Aber je, das Logo ist ja mal echt ... 

...

_scheiße _

Also mal ernsthaft, ist heute in Washington der Tag, der bei uns der 1. April? Und auch wenn bei vielen einfachen Bildern und Motiven die genialität im Detail liegt muss man hier doch schon sagen:"Also, DAS hätte ich auch noch hinbekommen"


----------



## sauerlandboy79 (24. August 2012)

Enisra schrieb:


> hmmm
> jeder der das Muster in den Windowsveröffentlichungen kennt?
> 
> Aber je, das Logo ist ja mal echt ...
> ...


Ich wette die haben dieses Kunstwerk von irgendeinem Grundschüler geklaut. Die Familie dieses Kindes steht finanziell auf schwachem Posten, und so können sie gegen Micro-Riese nicht gerichtlich vorgehen...


----------



## Enisra (24. August 2012)

sauerlandboy79 schrieb:


> Ich wette die haben dieses Kunstwerk von irgendeinem Grundschüler geklaut. Die Familie dieses Kindes steht finanziell auf schwachem Posten, und so können sie gegen Micro-Riese nicht gerichtlich vorgehen...


 
ich glaube ja da sind irgendwelche Designer von ihrem Dealer verarscht worden und der Dope war nur Petersilie


----------



## golani79 (24. August 2012)

Wie heißt es so schön? 

Keep it simple - keep it stupid!

Man wollte bei MS wahrscheinlich kein komplettes Redesign vom Logo - finde das neue jetzt nicht so schlecht. 
Entfernt sich nicht zu weit vom alten Logo und ist schön schlicht gehalten und die Font finde ich auch sehr passend.


----------



## sauerlandboy79 (24. August 2012)

Enisra schrieb:


> ich glaube ja da sind irgendwelche Designer von ihrem Dealer verarscht worden und der Dope war nur Petersilie


 Mit anderen Worten: Sie waren nicht high genug, um mal was wirklich Abstraktes zu kredenzen ?


----------



## Mothman (24. August 2012)

Den Vorschlag hatte ich fürs neue Windows eingereicht. Er wurde aber - knapp - abgelehnt:



			Dieser Inhalt steht nur eingeloggten Mitgliedern zur Verfügung.


----------



## Odin333 (24. August 2012)

Enisra schrieb:


> Und auch wenn bei vielen einfachen Bildern und Motiven die genialität im Detail liegt muss man hier doch schon sagen:"Also, DAS hätte ich auch noch hinbekommen"

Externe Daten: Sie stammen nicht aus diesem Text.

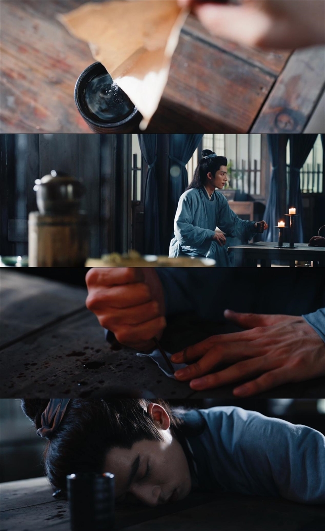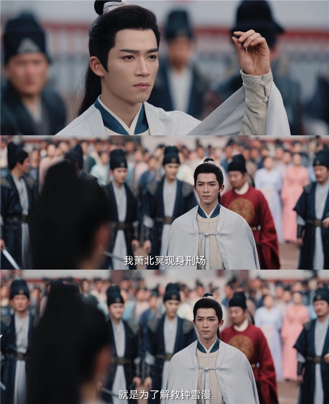 萧北冥三次服毒的表达更是妙上加妙。第一次服毒是在作为夜煞现身时,萧北冥毫不犹豫地服下钟雪漫递来的毒药,不问目的,不问来源,因为此时的他相信,师妹的心中总会存有一丝信任,这是为信;第二次服毒是在法场众目睽睽下,自己服下毒药,不留退路,用以命换命的办法助师妹脱离困境,这是为义;第三次服毒是在寻找吴锥大人时,为求海崖与参风甲真相,主动饮下那杯毒药。在“毒发”之际,萧北冥将所获线索艰难地写在布条,装进蜡丸吞下,这是神捕营留下的规矩,更是展现了作为一个好捕快该有的样子。“秘密可以烂在肚子里,但真相——它不能”,这是为真相。萧北冥从来不是不怕死,但相比所追求的信义与真相,死根本算不了什么。到底有谁懂这种反过来品细糠所带来的冲击力,真的直接给跪了!
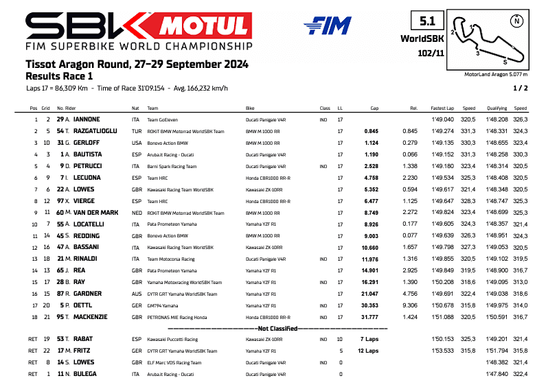 Parecía que Iannone podría ser presa de Razgatlioglu, Gerloff o Bautista en las últimas vueltas, pero fue entonces cuando sacó el as que tenía debajo de la manga: cambió el ritmo a tres del final con dos vueltas rápidas incluidas y pilló a contrapié a los demás. Razgatlioglu acusó el desgaste físico y tuvo que dar por buena la segunda plaza, y más teniendo en cuenta la baja de Bulega. Gerloff y Bautista lucharon hasta la última vuelta por la tercera plaza, dando oxígeno para que Toprak afianzase la segunda.
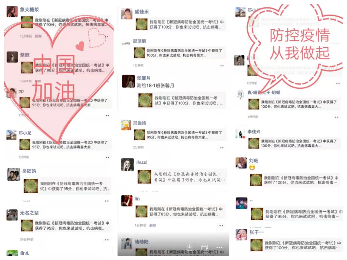 在校团委官方微信推出抗击“新型冠状病毒防治”答题活动,组织青年学生参与答题活动,加强对青年学生的疫情防控知识教育和普及,教育引导广大青年学生严格遵守防控举措,广大同学热情高涨,踊跃参与,共有近一万人次参与了答题活动。
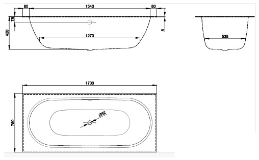 Стальная ванна BetteStarlet Spirit 170х75 см, толщина 3.5мм, антискользящее покр., Bette
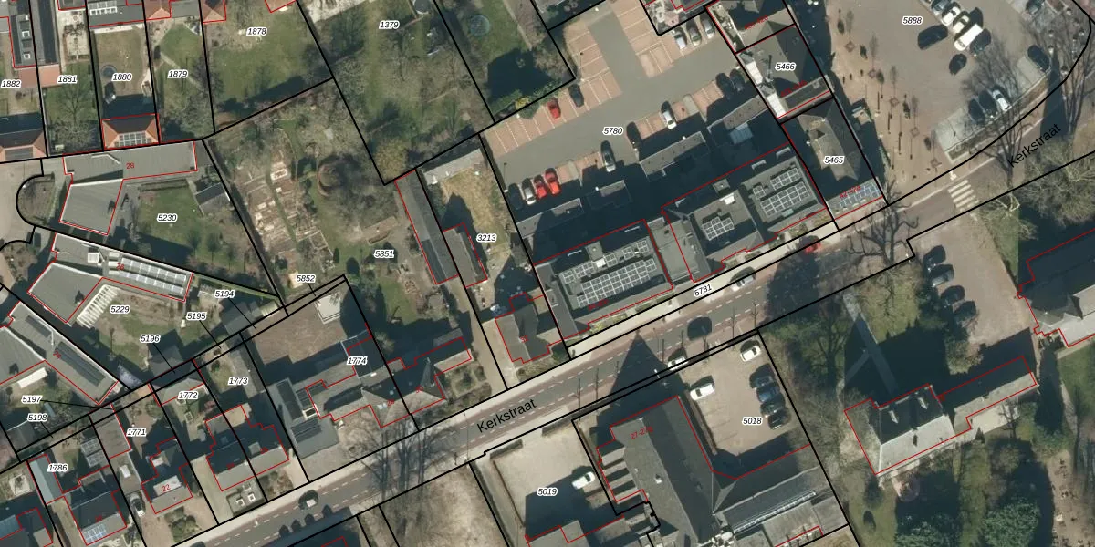 Het perceel waarop Kerkstraat 38 staat heeft een oppervlakte van 2390 m². Dit is een zeer groot perceel. De perceeloppervlakte wordt geregistreerd door het Kadaster. Gedetailleerde informatie over de maten van dit perceel kunt u vinden in het rapport Kadastrale kaart met maatvoering van Kerkstraat 38.
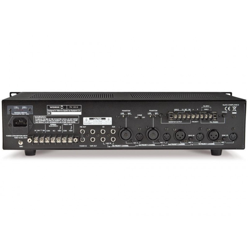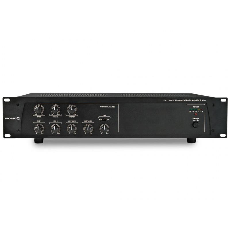 PA 120/2 is an installation amplifier with integrated mixer. It integrates 6 input signals with their own gain control, Master volume and high/low tone controls. PA 120/2 is distinguished by its two types of output: Music/Speech and Priority only. For maximum safety, they include a chime on/off switch, Tel/Emer connection for emergency communications and 24 V dc terminals for emergency power.
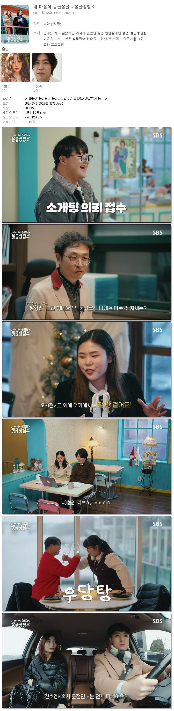 [SBS] 내 마음이 몽글몽글 몽글상담소.E01.260308.450p.WANNA[이효리, 이상순]

Und bei diesem Satz wird dich jeder gelernte Grafiker auslachen, denn das hättest du so ganz sicher nicht hinbekommen.

Handwerklich gibt es daran nichts auszusetzen. Kritisieren kann man den fehlenden Mut zu etwas aussergewöhnlichem und die übertriebene Einfachheit.

Weitaus besser ist z.B. das neue Office-Logo gelungen.


----------



## sauerlandboy79 (24. August 2012)

Mothman schrieb:


> Den Vorschlag hatte ich fürs neue Windows eingereicht. Er wurde aber - knapp - abgelehnt:
> 
> 
> 
> Dieser Inhalt steht nur eingeloggten Mitgliedern zur Verfügung.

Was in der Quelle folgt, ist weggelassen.